> _Dataset excerpts_

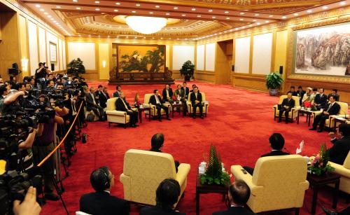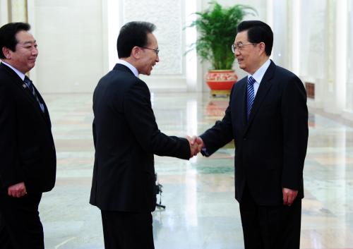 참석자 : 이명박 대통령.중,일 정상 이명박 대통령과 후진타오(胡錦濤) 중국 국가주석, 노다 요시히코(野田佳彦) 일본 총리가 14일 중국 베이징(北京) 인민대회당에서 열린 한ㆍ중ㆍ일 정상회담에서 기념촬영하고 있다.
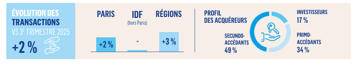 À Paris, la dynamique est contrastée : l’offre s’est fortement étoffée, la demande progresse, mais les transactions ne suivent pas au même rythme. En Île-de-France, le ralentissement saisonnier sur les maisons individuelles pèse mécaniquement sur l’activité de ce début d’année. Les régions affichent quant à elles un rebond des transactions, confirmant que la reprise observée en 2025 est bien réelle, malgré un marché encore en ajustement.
* * *
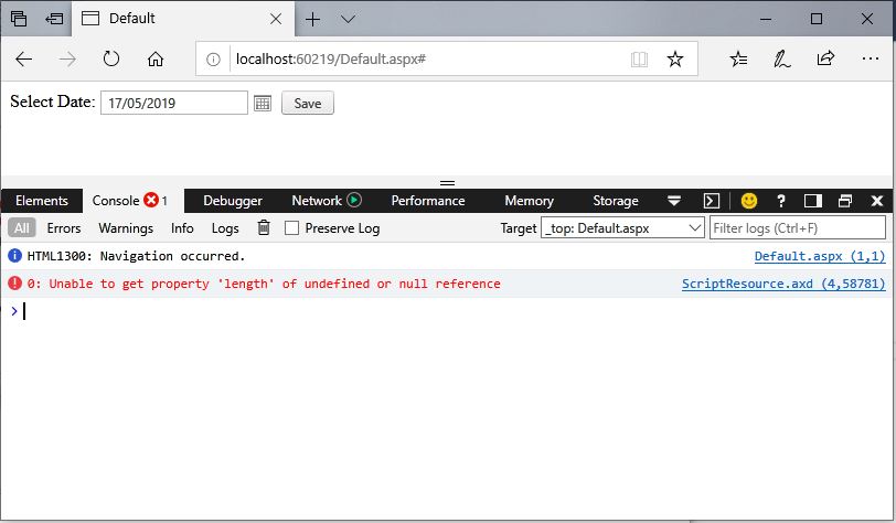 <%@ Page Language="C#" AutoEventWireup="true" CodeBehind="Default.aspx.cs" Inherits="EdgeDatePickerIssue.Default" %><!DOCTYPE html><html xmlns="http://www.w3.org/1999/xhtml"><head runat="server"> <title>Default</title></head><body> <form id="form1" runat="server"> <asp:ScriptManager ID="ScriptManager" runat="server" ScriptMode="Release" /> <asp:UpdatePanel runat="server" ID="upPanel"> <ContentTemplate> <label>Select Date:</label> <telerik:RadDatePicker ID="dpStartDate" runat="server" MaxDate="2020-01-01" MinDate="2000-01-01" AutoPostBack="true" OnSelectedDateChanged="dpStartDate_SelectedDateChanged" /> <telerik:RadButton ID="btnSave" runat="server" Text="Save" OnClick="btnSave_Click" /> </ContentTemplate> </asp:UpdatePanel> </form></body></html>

> _Directions for this task_
Pictures in the material above should be skipped; print exactly the lines from the one with "참석자 : 이명박 대통령.중,일" through the one with "À Paris, la".

> _Exercise output_
 참석자 : 이명박 대통령.중,일 정상 이명박 대통령과 후진타오(胡錦濤) 중국 국가주석, 노다 요시히코(野田佳彦) 일본 총리가 14일 중국 베이징(北京) 인민대회당에서 열린 한ㆍ중ㆍ일 정상회담에서 기념촬영하고 있다.
 À Paris, la dynamique est contrastée : l’offre s’est fortement étoffée, la demande progresse, mais les transactions ne suivent pas au même rythme. En Île-de-France, le ralentissement saisonnier sur les maisons individuelles pèse mécaniquement sur l’activité de ce début d’année. Les régions affichent quant à elles un rebond des transactions, confirmant que la reprise observée en 2025 est bien réelle, malgré un marché encore en ajustement.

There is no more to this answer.